• [Information supplied]:
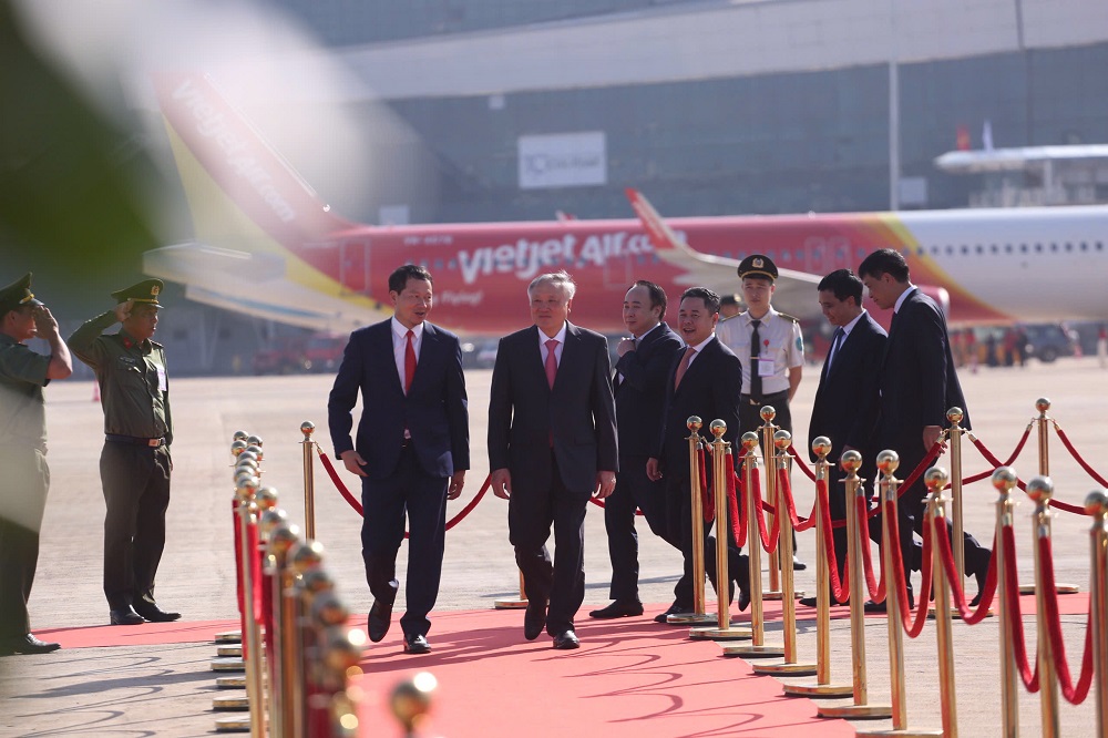 Tại sân bay quốc tế Long Thành, theo ghi nhận của Kinh tế Sài Gòn Online, đúng 8 giờ 20 phút, máy bay Boeing 787 mang số hiệu VN1, chở các lãnh đạo Đảng và Nhà nước, đã hạ cánh xuống sân bay.
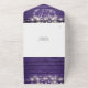 Alles in einer Hochzeitseinladung mit hübschen Saitenlichtern, einer handgezeichnet Blumengarten und schicker Typografie auf rustikalem lila Holzpaneelenboden. Die Einladung beinhaltet ein perforiertes UAWG mit Ihrem Hochzeitswebsite QR Code und Details. Entwickelt von Thisisnotme©
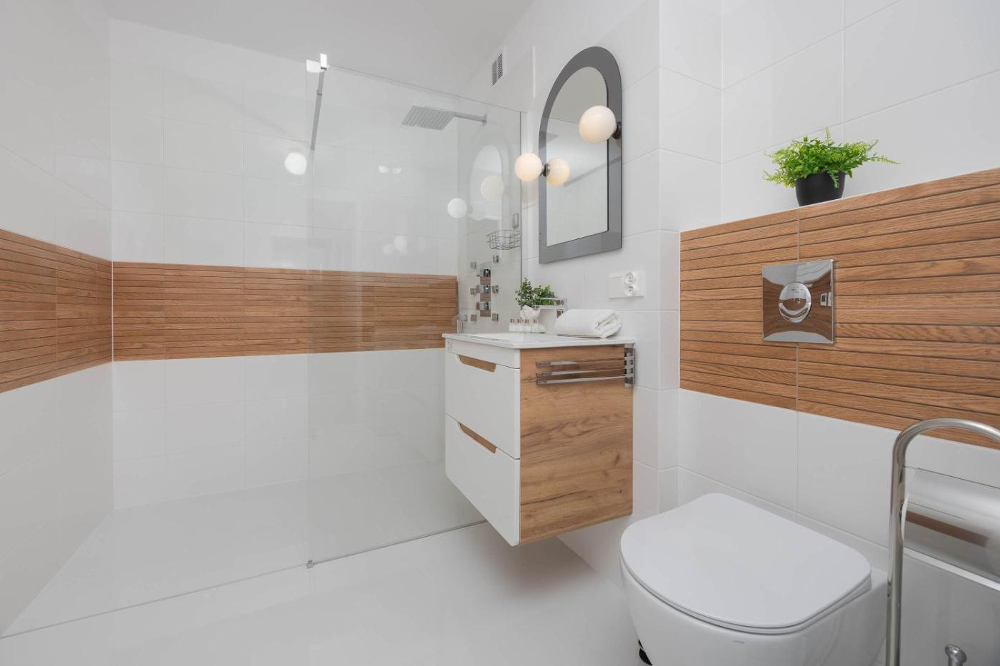 Apartament. This spacious apartment consists of 1 living room, 1 separate bedroom and 1 bathroom with a shower and free toiletries. Guests can make meals in the kitchenette that is equipped with a stovetop, a refrigerator, a dishwasher and kitchenware. The air-conditioned apartment provides a flat-screen TV with streaming services, a washing machine, a private entrance, a tea and coffee maker as well as city views. The unit offers 3 beds. Apartament - 5 osobowy. Powierzchnia pokoju ok.: 63 mkw.
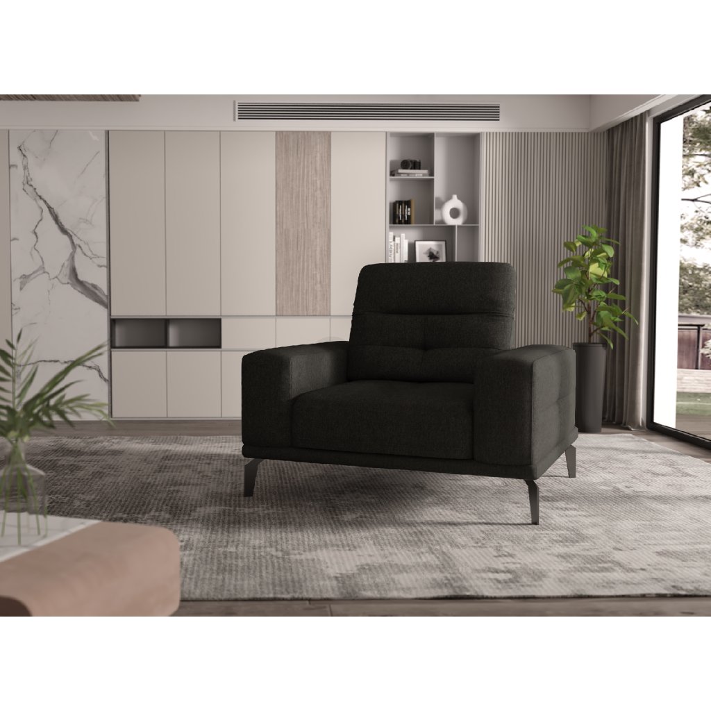 Klasické provedení křesla doplňují pevné ocelové nožičky v černé barvě.

• [Exercise requirements]: Word for word, retype the lines from the one that contains "Apartament. This spacious" through the final line of the data, both ends included, excluding pictures.

• [Solution below]:
 Apartament. This spacious apartment consists of 1 living room, 1 separate bedroom and 1 bathroom with a shower and free toiletries. Guests can make meals in the kitchenette that is equipped with a stovetop, a refrigerator, a dishwasher and kitchenware. The air-conditioned apartment provides a flat-screen TV with streaming services, a washing machine, a private entrance, a tea and coffee maker as well as city views. The unit offers 3 beds. Apartament - 5 osobowy. Powierzchnia pokoju ok.: 63 mkw.
 Klasické provedení křesla doplňují pevné ocelové nožičky v černé barvě.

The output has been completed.